Would you please copy the part of the material below that opens with the line containing "Figure 19: Numerical" and closes with the line containing "当日,在第十四届全运会田径项目男子铅球决赛在西安奥体中心举行。"? Copy it exactly, and only it.
Start of GIVEN RECORDS
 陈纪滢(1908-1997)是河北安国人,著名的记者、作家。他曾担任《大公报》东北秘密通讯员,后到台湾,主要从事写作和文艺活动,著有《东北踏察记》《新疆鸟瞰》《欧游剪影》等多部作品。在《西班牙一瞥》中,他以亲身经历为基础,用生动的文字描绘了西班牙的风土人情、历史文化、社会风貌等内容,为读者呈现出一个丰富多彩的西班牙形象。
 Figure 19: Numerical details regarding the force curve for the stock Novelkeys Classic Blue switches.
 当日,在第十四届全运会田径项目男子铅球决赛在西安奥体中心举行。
End of GIVEN RECORDS
Start of GIVEN RECORDS
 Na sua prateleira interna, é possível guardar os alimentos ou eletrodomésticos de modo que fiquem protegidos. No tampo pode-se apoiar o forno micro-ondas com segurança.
End of GIVEN RECORDS
Start of GIVEN RECORDS
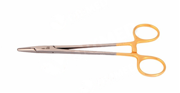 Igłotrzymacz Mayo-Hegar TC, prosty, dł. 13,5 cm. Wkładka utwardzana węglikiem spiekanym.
End of GIVEN RECORDS
> [SOLUTION]
 Figure 19: Numerical details regarding the force curve for the stock Novelkeys Classic Blue switches.
 当日,在第十四届全运会田径项目男子铅球决赛在西安奥体中心举行。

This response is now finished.